Delta Epsilon Proof: Prove f(z)/g(z) \rightarrow w1/w2 as z\rightarrow z0

[tylerc1991]

Homework Statement

Define: f(z) $$\rightarrow$$ w1 as z $$\rightarrow$$ z0
and
g(z) $$\rightarrow$$ w2 as z $$\rightarrow$$ z0

prove that f(z)/g(z) $$\rightarrow$$ w1/w2 as z$$\rightarrow$$ z0

The Attempt at a Solution

let $$\epsilon$$ > 0
choose $$\delta$$ > 0 such that:
|f(z) - w1| < ______ (defined later)
|g(z) - w2| < ______ (defined later)

|f(z)/g(z) - w1/w2| = |f(z)/g(z) - f(z)/w2 + f(z)/w2 - w1/w2|
< |f(z)|*1/|g(z)-w2| + 1/|w2|*|f(z) -w1|

this is where I am stuck, I know that you have to make that add up to epsilon but I'm unsure how to pick them so it works out correctly.

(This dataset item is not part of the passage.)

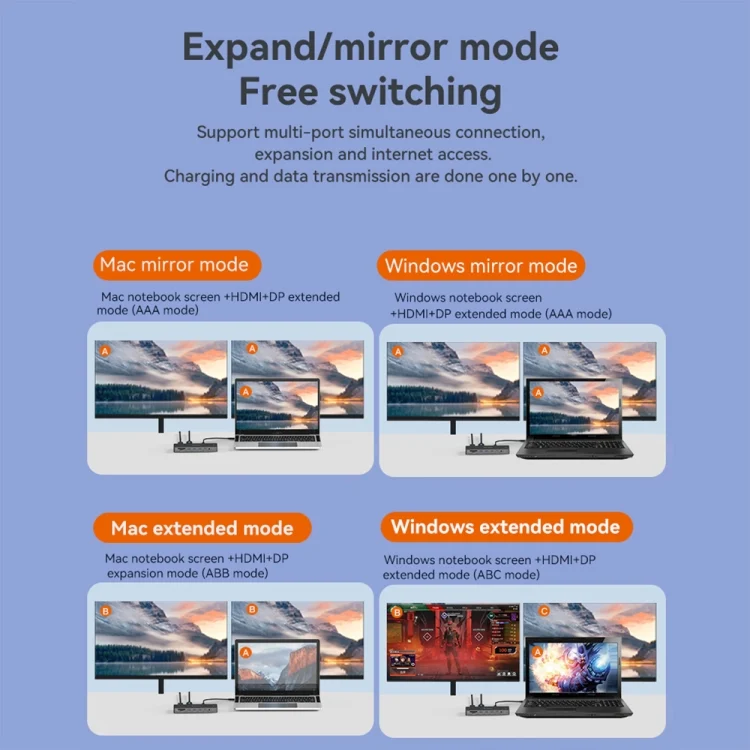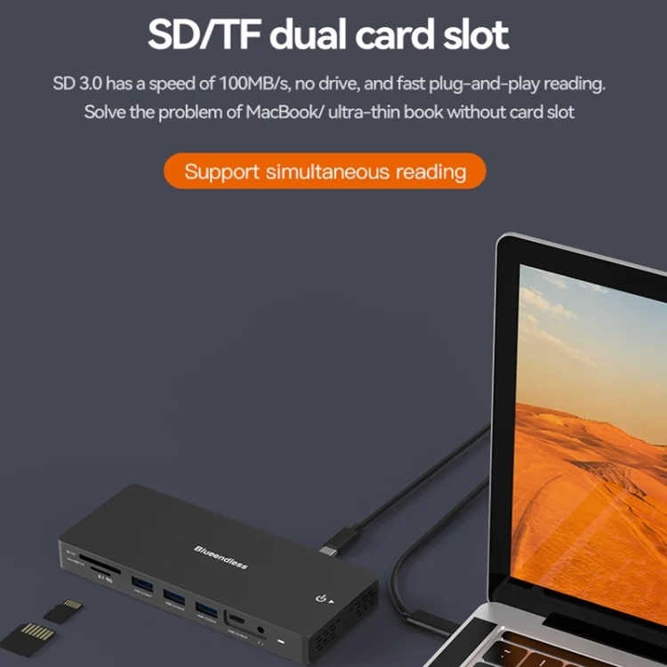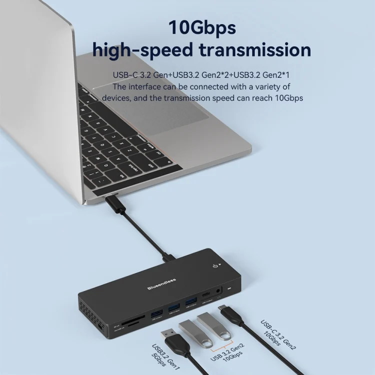 Blueendless 12-In-1 HD Multifunctional Docking Station 10Gbps Splitter With Switch

Any help would be greatly appreciated.

 

[LeonhardEuler]

|f(z)/g(z) - w1/w2| = |f(z)/g(z) - f(z)/w2 + f(z)/w2 - w1/w2|
< |f(z)|*1/|g(z)-w2| + 1/|w2|*|f(z) -w1|

I'm not sure what you did to get to that second line from the first one, but it is surely not what you want because that 1/|g(z)-w2| becomes very large as z$\rightarrow$z0 since the denominator goes to 0. How about getting a common denominator first? Then this will look similar to the problem of proving that the product of the limits is the limit of the product.

 

[tylerc1991]

yes I realized that about 60 seconds after I posted it, but I think I have got it now. I was able to make both sides less than epsilon/2 and I think it works now. thanks for taking a look!